The long, agile big remains raw offensively, but he’s active, runs the floor, plays with a motor, competes and finds a way to impact games without putting up big numbers.
This is pretty simple. If I’m a mid-major program in need of a player with size and they’re comfortable in knowing it can develop big men, I’m taking a real hard look at Pearson and what he can become down the road.
➤ Romeoville’s DeAndre Heckard is starting to be a little too overlooked. This is a talented combo guard who plays well in transition, shows a larger hint of explosiveness than people realize and possesses a developed pull-up game. There is growing interest with several college coaches making an effort to see the 6-1 guard over the past two weeks, but he hasn’t added any new offers which has been a surprise.
➤ Althought he’s an out-of-state player, sophomore Paxson Wojcik of the Illinois Wolves has shown he has Division I potential. Wojcik, a lanky 6-5 perimeter threat from La Lumiere, led the 16U Wolves in scoring through eight Under Armour Assocation games, averaging 17 points and 5.6 rebounds a game.
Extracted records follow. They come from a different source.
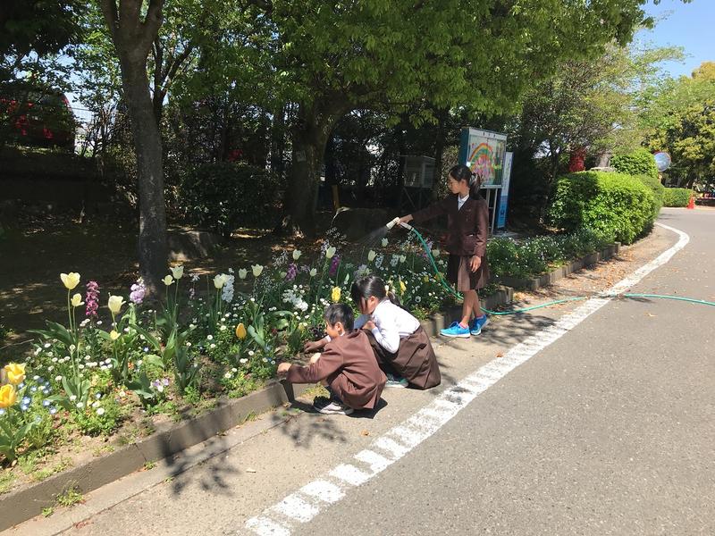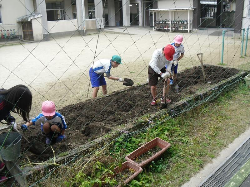 スコップで耕したり、草を取ったり自分たちの花壇を大切にしている様子がよく分かりました。
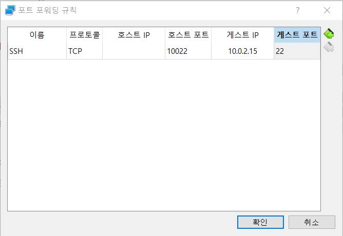 Virtual Box [설정] - [네트워크] - [고급] - [포트포워딩]
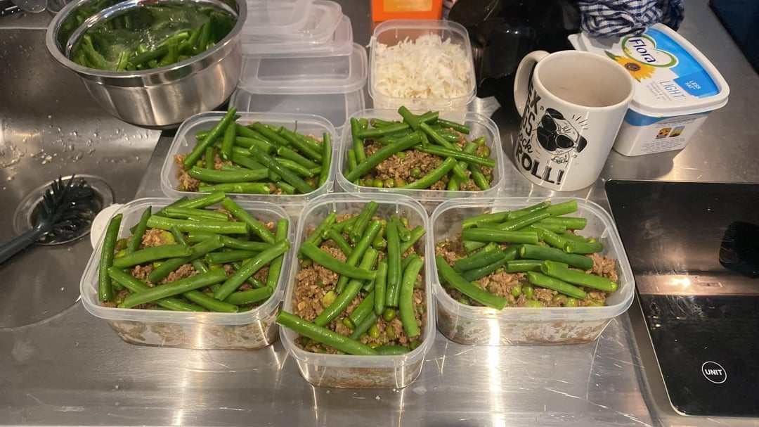 First pic: 500g extra lean beef mince, 500g mushroom, 200g edameme, 150g peas cooked with Thai red curry paste. 80g rice per serve. Green beans fresh.
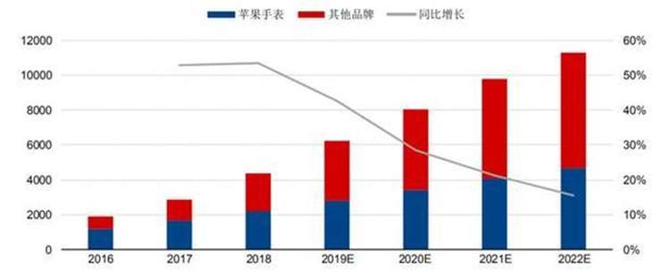 2019年全球智能手表出货量能有多少?同为调研机构的Trendforce给出的预测数字是6263万部,相比2018年的4400万部有了大幅增长。同时机构还表示2022年全球智能手表出货量将首度破亿,达到1.13亿块。IDC预测数据更为乐观,2022年或有望达到1.904亿部。可见在手机销量增长乏力的情况下,智能手表将成为终端厂商新的突破点。
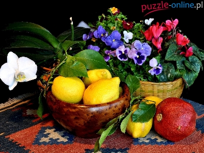 Puzzle Cytryny, Doniczka, Kwiaty, Granat

➤ When it comes to top-notch shooters in the Class of 2018 in Illinois, the list is short for Division I coaches. The lack of true shooters in the class is alarming. That’s why Young’s Justin Boyd is so attractive as a prospect. There is a feathery release and touch out of the hands of the 6-3 junior guard. He shoots it effortlessly, with range and is an ideal spread-the-floor shooter.
➤ It’s never really earth-shattering news when anyone gets excited about a top five player in the country. They are pretty easy to identify and appreciate. But when taking in an out-of-state mega-star there are still times when I am over-impressed with one of those top fivers.
That was the case in Indianapolis a couple of weeks ago when watching senior-to-be Cameron Reddish, a do-everything 6-7 jaw-dropper out of Westtown (PA). Even when matched up and compared to the best of the best, this is the player I have a special affinity for when projecting two years, five years and 10 years down the road. Reddish is so Tracy McGradyish and does everything on a basketball floor you could want or ask of a 6-7 teenager.